Each example shares the same idea: structure + visual encoding so the user grasps outcomes faster than from unstructured text alone.
Building an MCP App (High-Level)
The shape of an MCP App tool is short:
- Install
mcpbundles-app-uiand subclassApp, picking a theme likeLightTheme. - Compose the UI with
Stats,Stat,Card, and any additional HTML your product needs. - Return the resulting HTML string from your tool’s
handle_calland let the host render it in its sandboxed app surface.
On hosts without iframe-style app rendering, users may still see a text-oriented representation of the tool result — plan copy and fallbacks accordingly.
Host Compatibility: Claude, ChatGPT, and IDEs
| Environment | MCP Apps support |
|---|---|
| Claude Desktop | Full support via artifacts-style app rendering |
| ChatGPT | Full support via canvas-style app rendering |
| Cursor / IDE MCP clients | Typically text fallback today — no embedded iframe app surface in most setups |
Treat mcp ui as progressive enhancement: the tool should remain correct when only text is shown, and delight when the host renders full HTML.
FAQ
What's the difference between MCP tools and MCP Apps?
MCP tools are callable functions exposed over MCP (inputs, execution, outputs). MCP Apps describe a class of tool outputs where the result is HTML meant for interactive or rich visual rendering in the client. Every MCP App is still delivered through an MCP tool; not every MCP tool is an MCP App.

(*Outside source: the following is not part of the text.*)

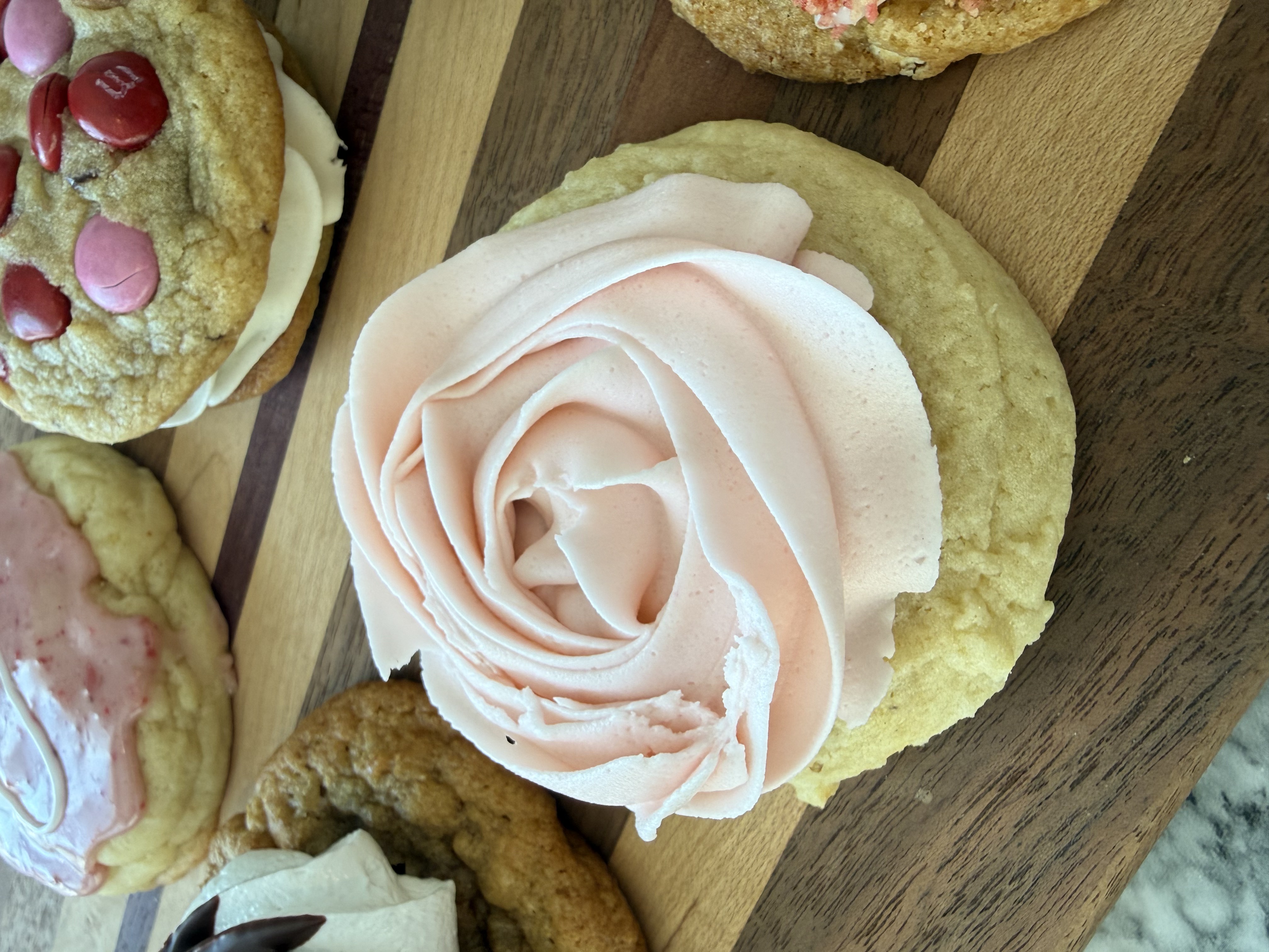 - Pink Vanilla (Tammy’s Cookie Co. base, buttercream tinted light pink)

Which AI clients support MCP Apps?
Claude Desktop and ChatGPT support rendering MCP App HTML in sandboxed surfaces aligned with their product UX (artifacts and canvas, respectively). Many IDE-integrated MCP clients currently surface tool results primarily as text; HTML may appear escaped or flattened.
Can I build my own MCP App?
Install mcpbundles-app-ui, subclass App, build your layout, and return HTML from handle_call. Keep markup self-contained and safe for sandboxed iframes, and avoid relying on browser APIs the host disables.
Do MCP Apps work offline?
MCP Apps are rendered by the client after a networked tool invocation, so they don't run offline. Without connectivity to the MCP host and backend, the tool can't execute and the HTML can't be produced or updated.
Are MCP Apps secure?
Hosts isolate MCP App HTML in sandboxes (commonly iframes with restricted capabilities). You should still treat app HTML like untrusted UI: avoid embedding secrets in markup, validate data before display, and follow your organization’s content security policies. Security is a shared responsibility between the tool author and the host.